If you’ve never taken on the Kimberley before, Mr Castle’s has all the expert advice on the most exciting itineraries and what to know before you head off. Mr Castles also notes that if you are hoping to get in on the 2022 season you’ll want to act fast.

“At the moment though, unless capacity opens up due to border restrictions, the 2022 season is very heavily booked with only very limited availability. Already we’re well into selling 2023 (and some operators are due to release 2024 due to the high demand) so there’s only a handful of cabins left to snap up for 2022.”


Mr Castles takes you through the range of itineraries on offer this season.
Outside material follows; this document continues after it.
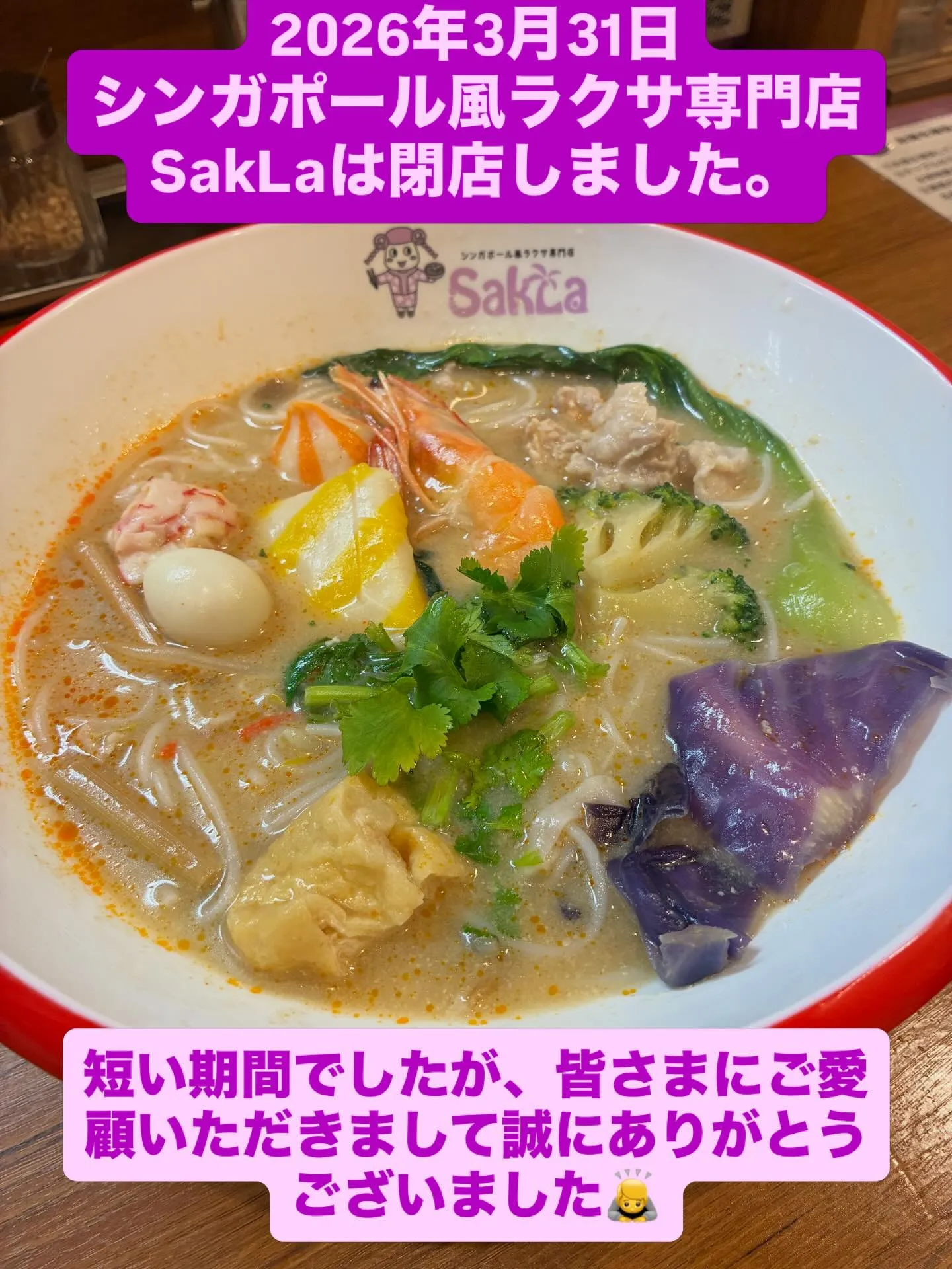 こんにちは!SakLa(サクラ)です🥥🍜

“There’s a couple of classic itineraries in the Kimberley that we really love – as they tick all the boxes in showcasing all of the iconic sights along the Kimberley Coast. Coral Expeditions and Reef Prince operate ‘tried and tested’ ten-night voyages between Broome and Darwin and vice versa, a very comprehensive itinerary which also ties in nicely with the Ghan in Darwin  – always a popular addition to a Kimberley cruise.”
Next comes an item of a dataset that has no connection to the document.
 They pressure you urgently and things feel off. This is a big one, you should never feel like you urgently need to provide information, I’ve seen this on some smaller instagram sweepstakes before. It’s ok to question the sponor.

“Alternatively, smaller operators such as Great Escape, Ocean Dream, Kimberley Pearl and True North operate 13-night cruises between Broome and Wyndham and vice versa, with the extra days allowing for more time to linger, explore more deeply and even try your hand trying to land a big Kimberley barra – which the onboard chef will happily cook up for you. Cruises starting or finishing in Wyndham are also ideal for travellers who wish to add a couple of nights exploring the nearby World Heritage-listed Purnululu National Park (Bungle Bungles).”

“If your time is limited though, there are some excellent eight- and nine-day itineraries focusing on the Southern Kimberley that showcase the best of the south, including Horizontal Falls and Montgomery Reef. Kimberley Quest and Diversity Charters are great options in this regard.”

First time advice 

If you’ve never been to Western Australia’s slice of rugged wilderness before, Mr Castles says it’s all about finding an expert and knowing what you want out of your trip. 

“The biggest piece of advice is to speak to a Kimberley expert such as ourselves before booking!”

“An expert will help you find the perfect ship that best suits your requirements. When we’re recommending a ship to a traveller we consider things such as the traveller’s fitness level, whether they are interested in fishing whether they prefer a more ‘bare foot’ experience that you find on the very smallest ships (10 – 20 travellers) or whether they like a bit more amenity in terms of more dining choices, whether you need to make a bit of an effort to dress up at dinner and so on.”

“It’s also important that you select a cruise operator that has a great expedition team on board, as you really do rely on the knowledge your expedition leader and guides impart to make the most of your expedition.”